Explanation for the correct option

Given function, $f\left(x\right)=4x^4-2x+1$.

Differentiate the given function with respect to $x$.

$\begin{array}{rcl}\frac{\mathrm{d}}{dx}\left[f\left(x\right)\right]& =& \frac{d}{dx}\left(4x^4-2x+1\right)\\ & =& \frac{d}{dx}\left(4x^4\right)+\frac{d}{dx}\left(-2x\right)+\frac{d}{dx}\left(1\right)\left[\because \frac{\mathbf{d}}{\mathbf{d}\mathbf{x}}\mathbf{(}\mathbf{u}\mathbf{\pm }\mathbf{v}\mathbf{)}\mathbf{=}\frac{\mathbf{d}\mathbf{u}}{\mathbf{d}\mathbf{x}}\mathbf{\pm }\frac{\mathbf{d}\mathbf{v}}{\mathbf{d}\mathbf{x}}\right]\\ & =& \left(4\times 4x^3\right)-\left(2\times 1\right)+0\\ & =& 16x^3-2\end{array}$

Now, for increasing intervals $\mathit{f}\mathbf{\text{'}}\mathbf{\left(}\mathbf{x}\mathbf{\right)}\mathbf{>}\mathbf{0}$.

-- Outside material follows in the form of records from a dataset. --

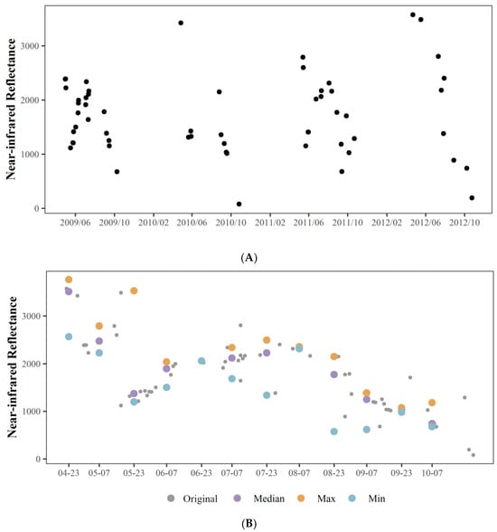 Temporal trends (A) and semi-monthly NIR composition (B) of the NIR reflectance values (2009–2012). The reflectance values were scaled by a factor of 10,000.
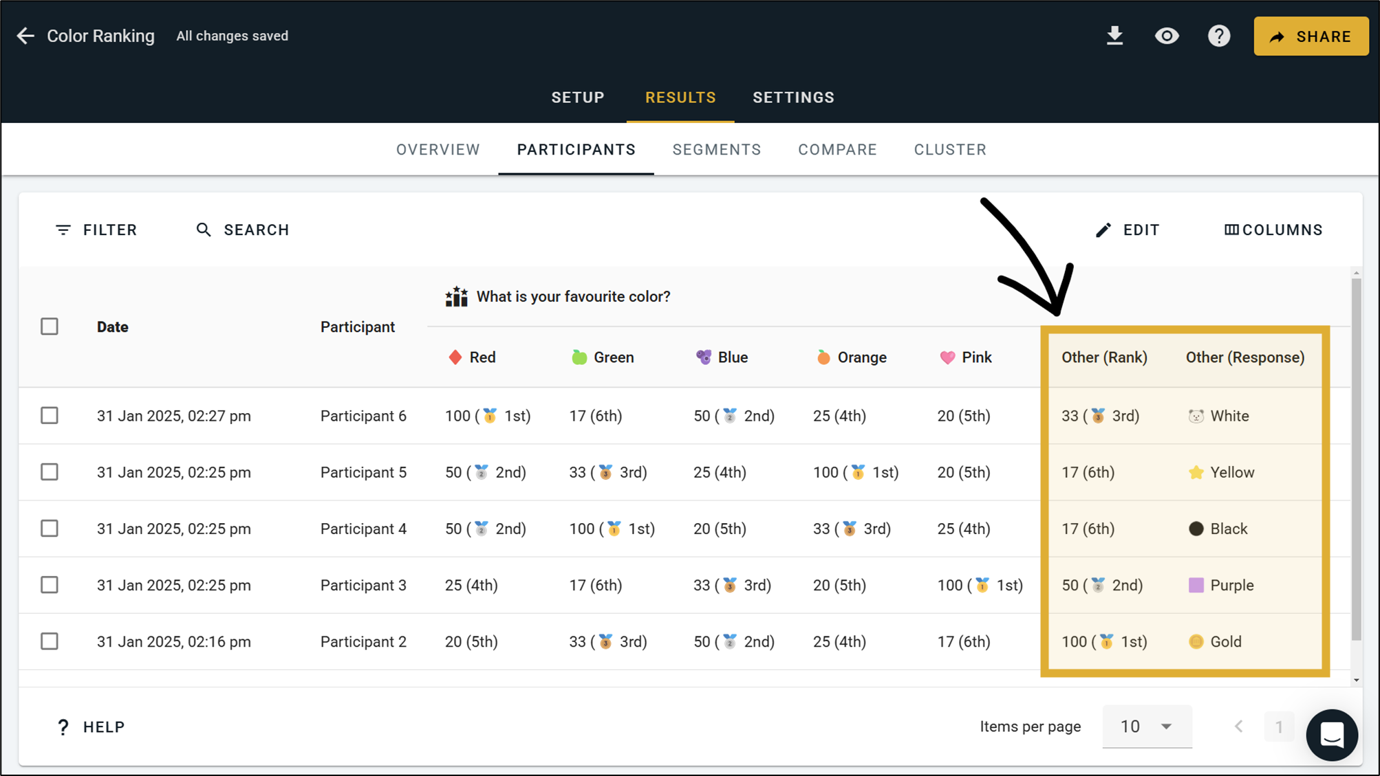 Over on the Participants Tab you can view the custom responses that each individual participant submitted and the ranked position or points they allocated to their own custom response.
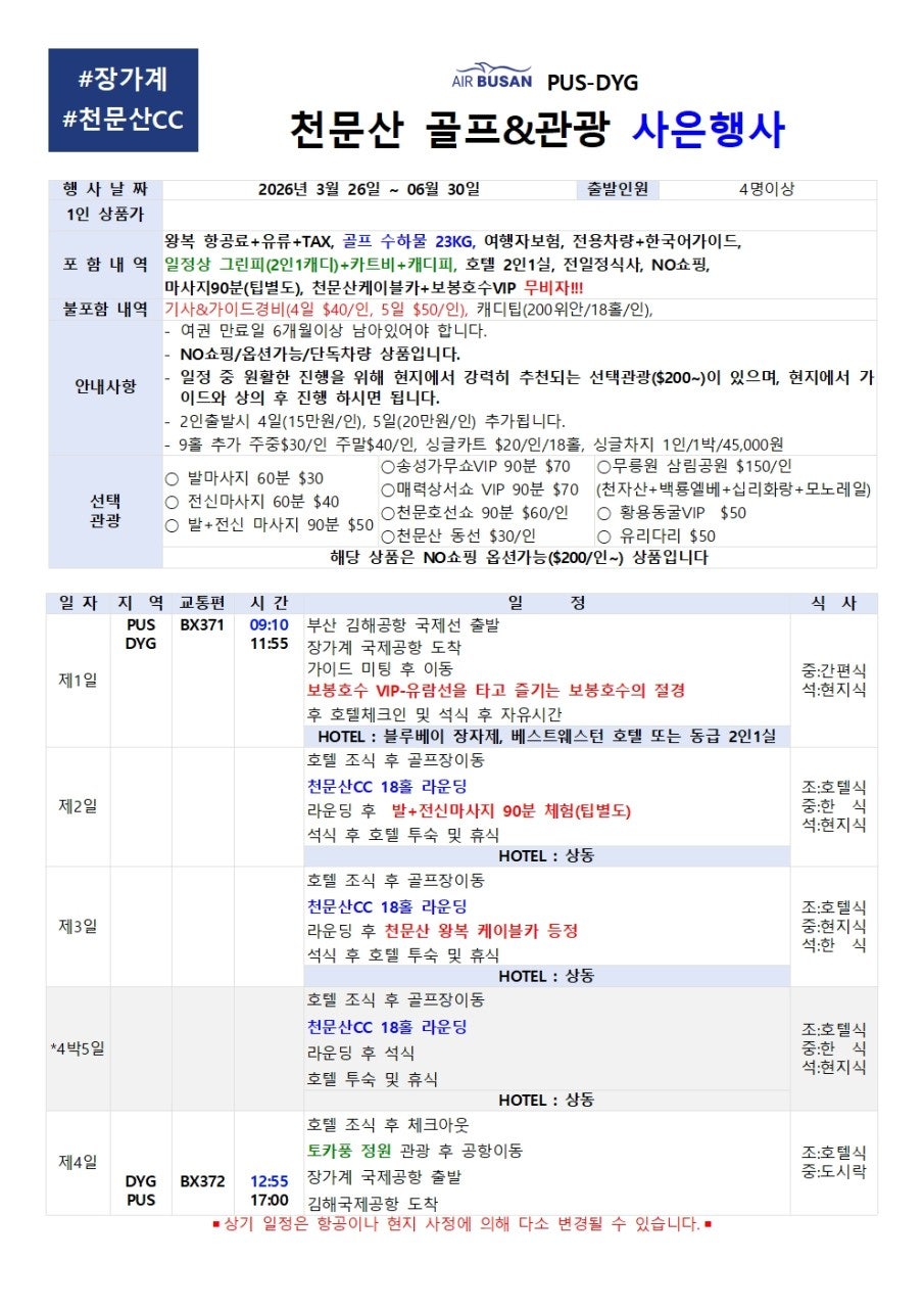 ±â»ç&°¡ÀÌµå°æºñ(4ÀÏ $40/ÀÎ, 5ÀÏ $50/ÀÎ), ijµðÆÁ(150À§¾È/18Ȧ/ÀÎ),
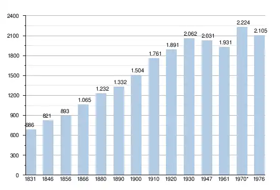 - Sources : INS, Rem. : 1831 jusqu'en 1970 = recensements, 1976 = nombre d'habitants au 31 décembre.

$$\begin{gathered} \Rightarrow 16x^3-2>0 \\ \Rightarrow x^3>\frac{2}{16} \\ \Rightarrow x^3>\frac{1}{8} \\ \Rightarrow x>\sqrt[3]{\frac{1}{8}} \\ \Rightarrow x>\frac{1}{2} \end{gathered}$$

Therefore, the function $f\left(x\right)=4x^4-2x+1$ is increasing for $x>\frac{1}{2}$.

Hence, $x>\frac{1}{2}$ and therefore the correct option is (D).